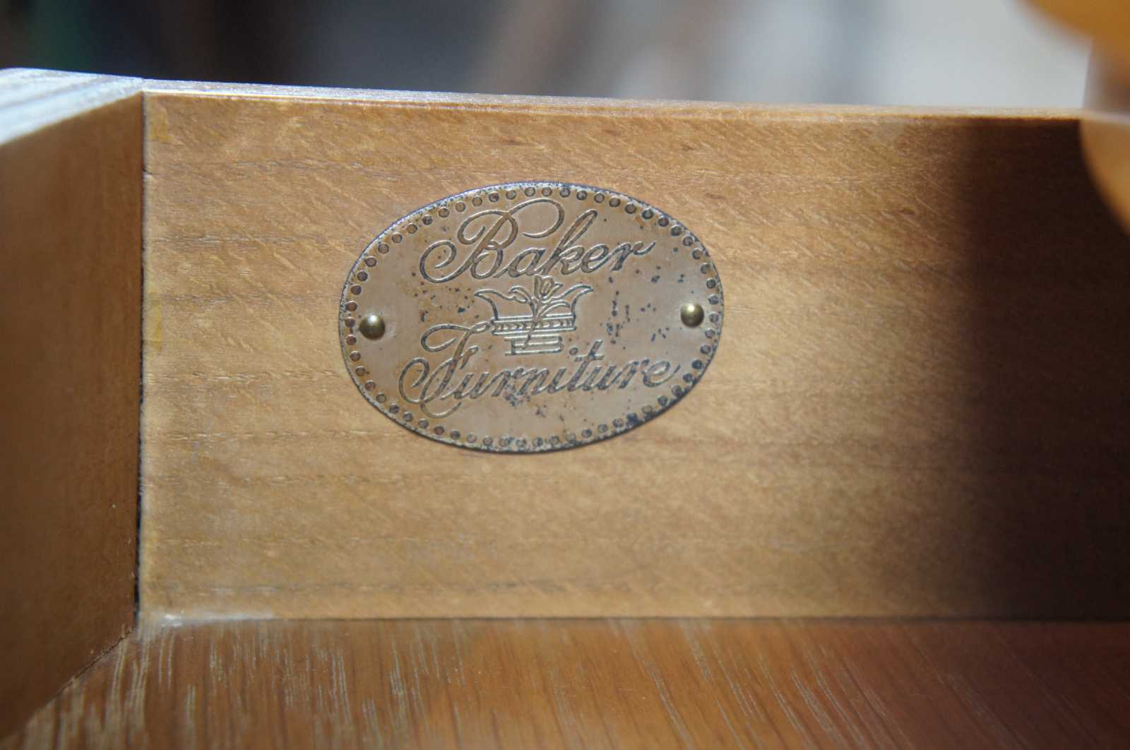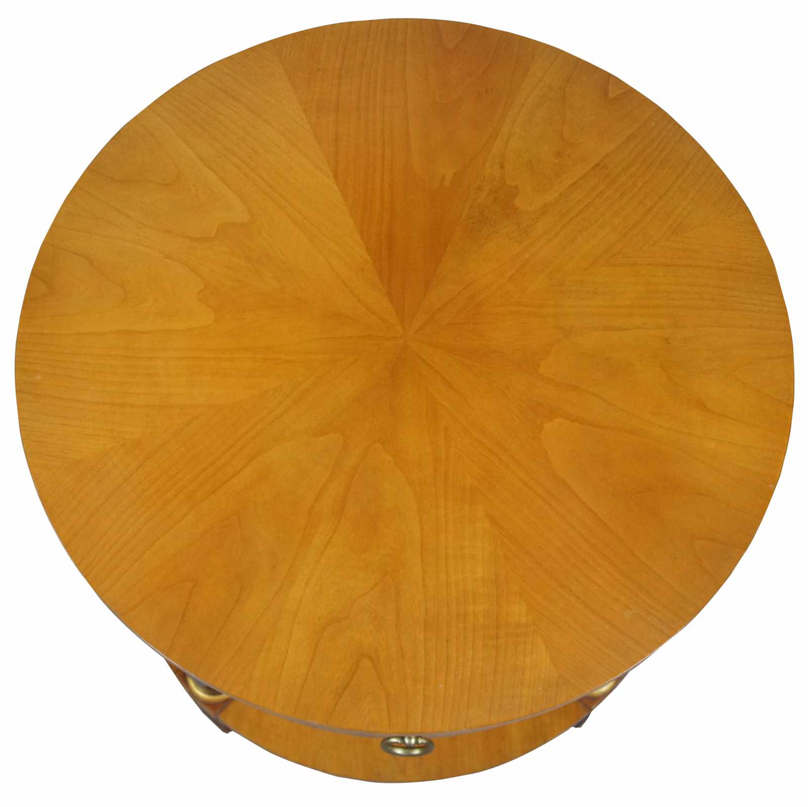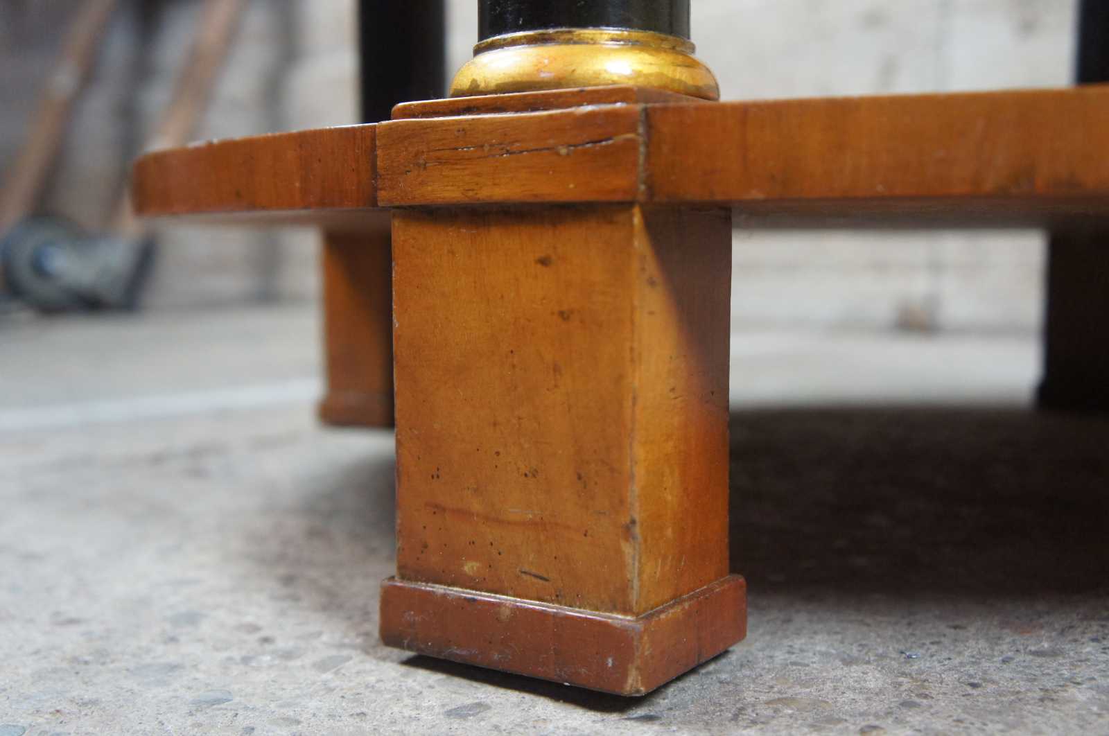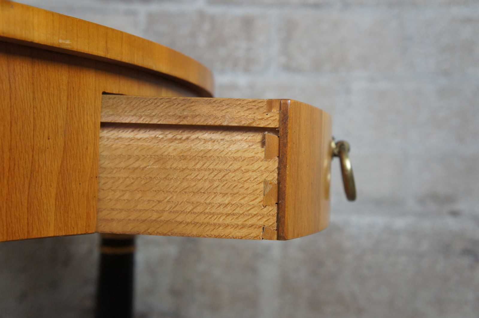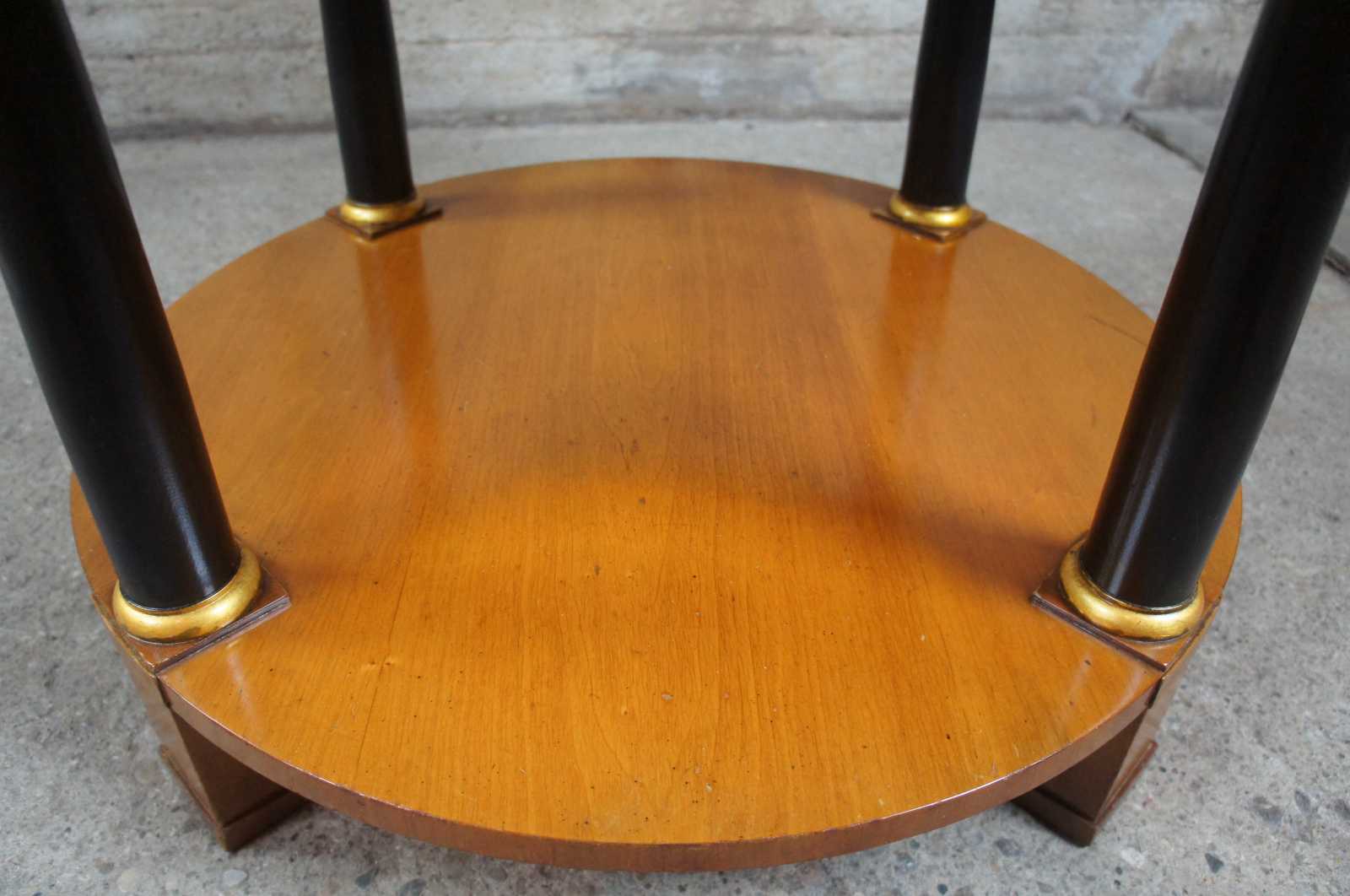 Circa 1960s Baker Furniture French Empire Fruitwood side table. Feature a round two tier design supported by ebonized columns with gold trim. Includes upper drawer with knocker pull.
+-------+
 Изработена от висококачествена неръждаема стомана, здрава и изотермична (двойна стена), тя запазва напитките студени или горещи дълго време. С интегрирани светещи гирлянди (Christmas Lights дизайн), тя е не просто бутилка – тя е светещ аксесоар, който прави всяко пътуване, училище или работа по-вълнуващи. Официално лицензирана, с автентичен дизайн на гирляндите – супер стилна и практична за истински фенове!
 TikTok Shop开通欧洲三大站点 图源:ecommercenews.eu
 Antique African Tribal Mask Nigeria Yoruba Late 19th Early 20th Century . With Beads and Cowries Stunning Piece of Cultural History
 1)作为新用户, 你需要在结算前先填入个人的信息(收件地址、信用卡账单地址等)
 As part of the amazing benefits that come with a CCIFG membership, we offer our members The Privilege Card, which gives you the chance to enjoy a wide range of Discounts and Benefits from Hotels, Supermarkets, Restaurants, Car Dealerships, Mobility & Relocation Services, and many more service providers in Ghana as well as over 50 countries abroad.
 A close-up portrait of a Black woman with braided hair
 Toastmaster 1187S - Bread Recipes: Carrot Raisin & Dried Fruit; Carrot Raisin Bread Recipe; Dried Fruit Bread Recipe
+-------+
■ Exercise:
Write out exactly the lines above from the line with "Antique African Tribal" through the line with "Toastmaster 1187S - Bread", both of them included, and leave out all other lines.

■ Result of the exercise:
 Antique African Tribal Mask Nigeria Yoruba Late 19th Early 20th Century . With Beads and Cowries Stunning Piece of Cultural History
 1)作为新用户, 你需要在结算前先填入个人的信息(收件地址、信用卡账单地址等)
 As part of the amazing benefits that come with a CCIFG membership, we offer our members The Privilege Card, which gives you the chance to enjoy a wide range of Discounts and Benefits from Hotels, Supermarkets, Restaurants, Car Dealerships, Mobility & Relocation Services, and many more service providers in Ghana as well as over 50 countries abroad.
 A close-up portrait of a Black woman with braided hair
 Toastmaster 1187S - Bread Recipes: Carrot Raisin & Dried Fruit; Carrot Raisin Bread Recipe; Dried Fruit Bread Recipe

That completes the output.